Bob Nicholls's excellent reconstruction of Rhinconichthys purgatoirensis
So, we've been working on a little public/private partnership project for the past 2 1/2 years here at the RMDRC. In 2013 while he was helping advise on our Megacephalosaurus eulerti skull restoration, Dr. Bruce Schumacher, a paleontologist from the US Forest Service, approached me with a fossil specimen he had collected from the Comanche National Grassland in Southeastern Colorado. From what he showed me, I could tell it was a pachycormid, and one of those toothless specimens I am so fond of preparing. I had never been so giddy about a fish head in a concretion before!

Kevin Lindahl as he discovered the specimen
The super informative pectoral fin, our first clue to its identity
Bruce had already done some basic prep work on the top of the fish. Some paperwork with my boss Mike Triebold was completed and we were under contract to finish preparing, molding and casting the specimen. I spent several hundred hours with air scribes and air abrasive blasters removing the extremely tenacious concretion surrounding the skull. What we found on the underside was astonishing.

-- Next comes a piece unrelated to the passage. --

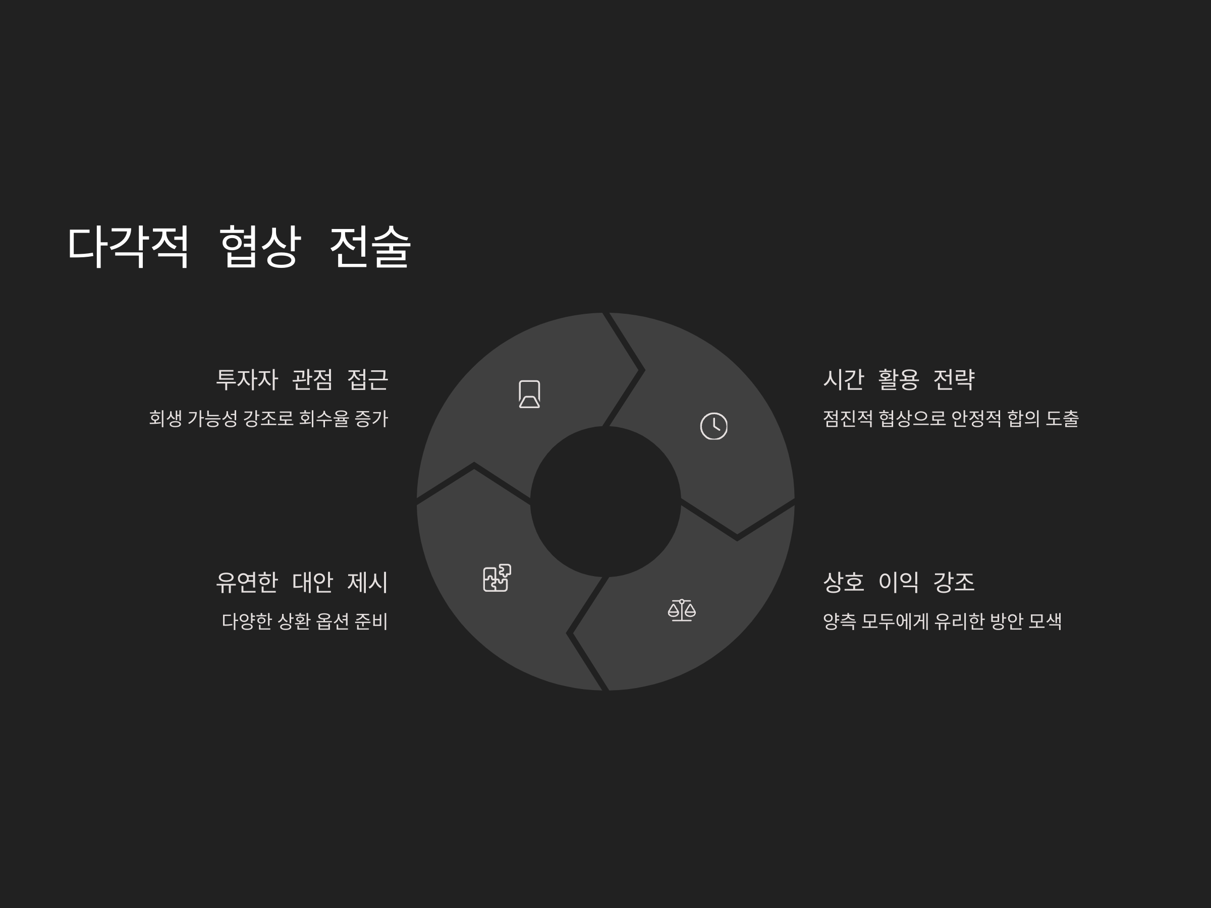 협상 과정에서는 다양한 전술을 활용하는 것이 중요합니다. 첫째, "투자자의 입장에서 생각하기" 전략을 적용할 수 있습니다. 채권자들은 기업이 회생 가능성을 높이면 더 많은 돈을 회수할 수 있다는 점을 잘 알고 있기 때문에, 기업의 회복 가능성을 강조하며 협상하는 것이 유리할 수 있습니다.

Top of specimen showing nice skull roof
The underside showing googly eyes and super long lower jaw
The fish has a remarkably flappy underbite with relatively huge eyes. It reminded us of the character Beaker from "The Muppet Show," and the informal nickname "Muppetfish" stuck. Of course that name isn't going to fly in publication, so we named it as a new species, Rhinconichthys purgatoirensis, after the local landmark river. A second species, Rhinconichthys uyenoi from Japan, is also described and Rhinconichthys taylori from England is better described with new information from the Muppetfish Rosetta stone. When we released the 2010 paper on Bonnerichthys, these species were touched on briefly, but only R. taylori was complete enough to work on.

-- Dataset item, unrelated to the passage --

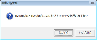 入力された内容が保険請求上、矛盾があるかどうかのチェックをする。[診療内容登録]画面で[レセプトチェック]アイコンをクリックすると、その患者の1診療期間について、「~レセプトチェックを行いますか?」と確認のメッセージが表示されるので、[はい(Y)][いいえ(N)]ボタンをクリックする。

Why is this cool? Well, we've gone from one species in the genus from one place to having representatives from all across the Northern Hemisphere for several millions of years. It also shows that commercial paleo and federal agencies can work together to get stuff done, to the chagrin of some in the academic community. The specimen is to be permanently housed at the Denver Museum of Nature and Science.